Folkswitch: The Romantic Poets Meet Wyrd Folk

The romantic poets set to music and video, traditional folk songs through the looking glass

Edgar Allan Poe’s The Conqueror Worm: The play is the tragedy, ‘Man’  And its hero, the Conqueror Worm

Edgar Allan Poe’s The Conqueror Worm: The play is the tragedy, ‘Man’  And its hero, the Conqueror Worm

Poe’s The Conqueror Worm can be found in his tale Ligeia, a story of death, resurrection, opium abuse, more death and madness. The poem depicts a performance of mimes, controlled by vast, shapeless forms offstage.

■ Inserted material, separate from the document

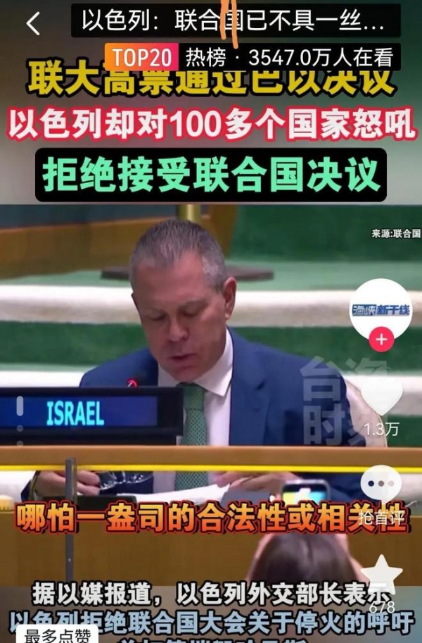 以色列驻联合国代表更是声称联合国已经失去了合法性。这一决定引起了广泛的关注和争议,显示了巴以冲突仍然是一个备受关注的国际问题,需要国际社会共同努力来解决。
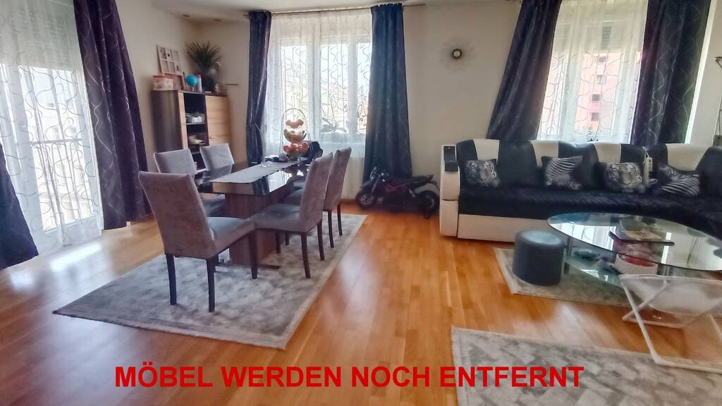 Das sonnige Apartement ist mit Echtholzparketten verlegt. Die Thermofenster sind mit Aussenjalousien ausgestattet. Ein Kellerabteil bietet zusätzlichen Stauraum. Die auf den Fotos ersichtliche Möblierung wird noch entfernt.

High above angels watch and weep, and at last an evil, formless shape crawls center stage and eats the hapless mimes, and as the curtain comes down, the title of the play, Man is revealed, and the hero, The Conqueror Worm introduced.

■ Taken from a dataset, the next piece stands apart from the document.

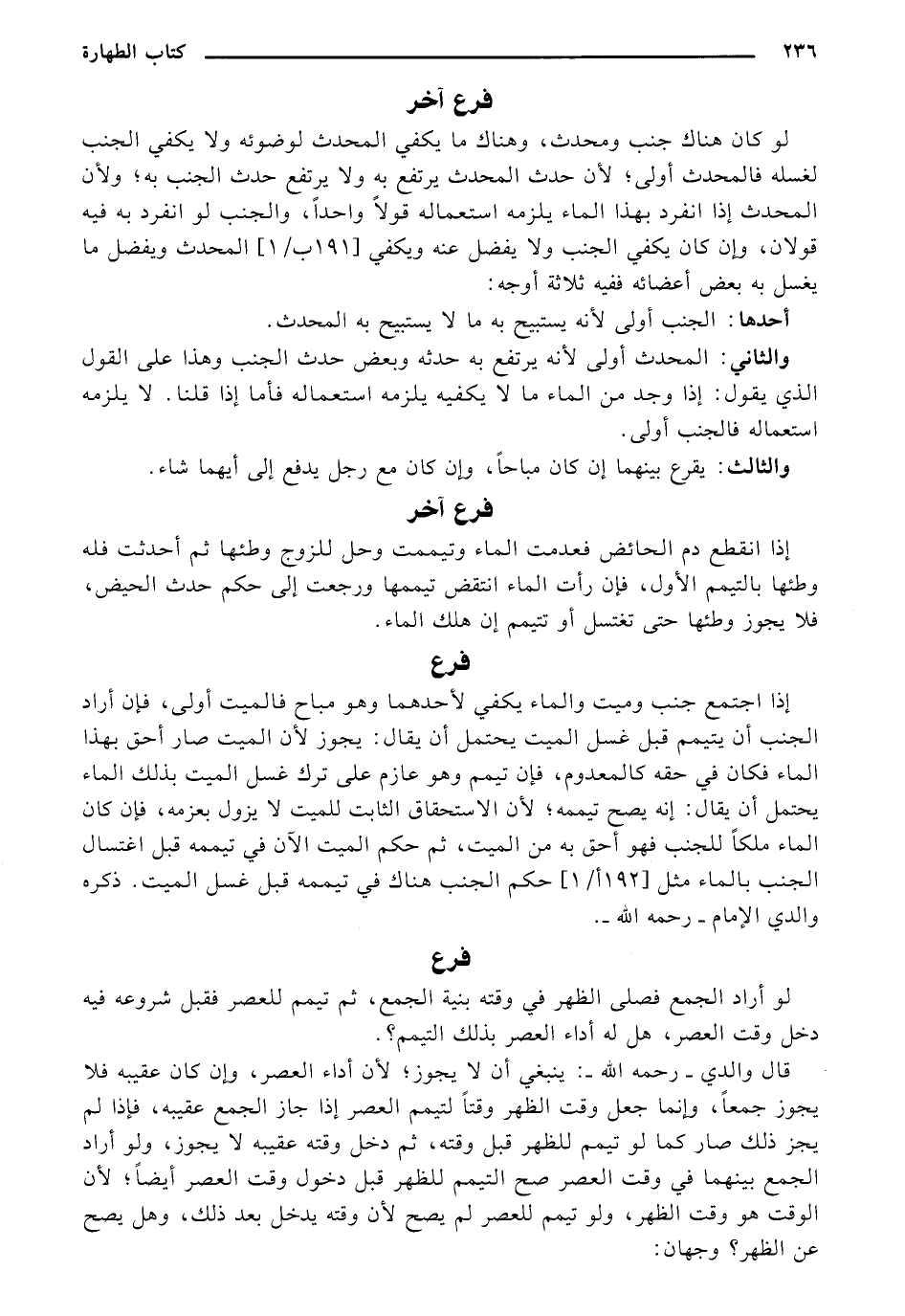 إذا اجتمع جنب وميت والماء يكفي لأحدهما وهو مباح فالميت أولى, فإن أراد الجنب أن يتيمم قبل غسل الميت يحتمل أن يقال: يجوز لأن الميت صار أحق بهذا الماء فكان في حقه كالمعدوم, فإن تيمم وهو عازم على ترك غسل الميت بذلك الماء يحتمل أن يقال: إنه يصح تيممه, لأن الاستحقاق الثابت للميت لا يزول بعزمه, فإن كان الماء ملكًا للجنب فهو أحق به من الميت, ثم حكم الميت الآن في تيممه قبل اغتسال الجنب بالماء مثل (192 ب/1) حكم الجنب هناك في تيممه قبل غسل الميت, ذكره والدي الإمام - رحمه الله-.

Poe’s mimes represent man, who given the illusion of self determination, are in fact, ruled by dark forces unseen and unstoppable. Even those deities and their minions in which we place hope, in Poe’s The Conqueror Worm are helpless to intervene. Poe proclaims we all meet the same fate, certain and hideous death, and the inevitable decomposition of what remains of us.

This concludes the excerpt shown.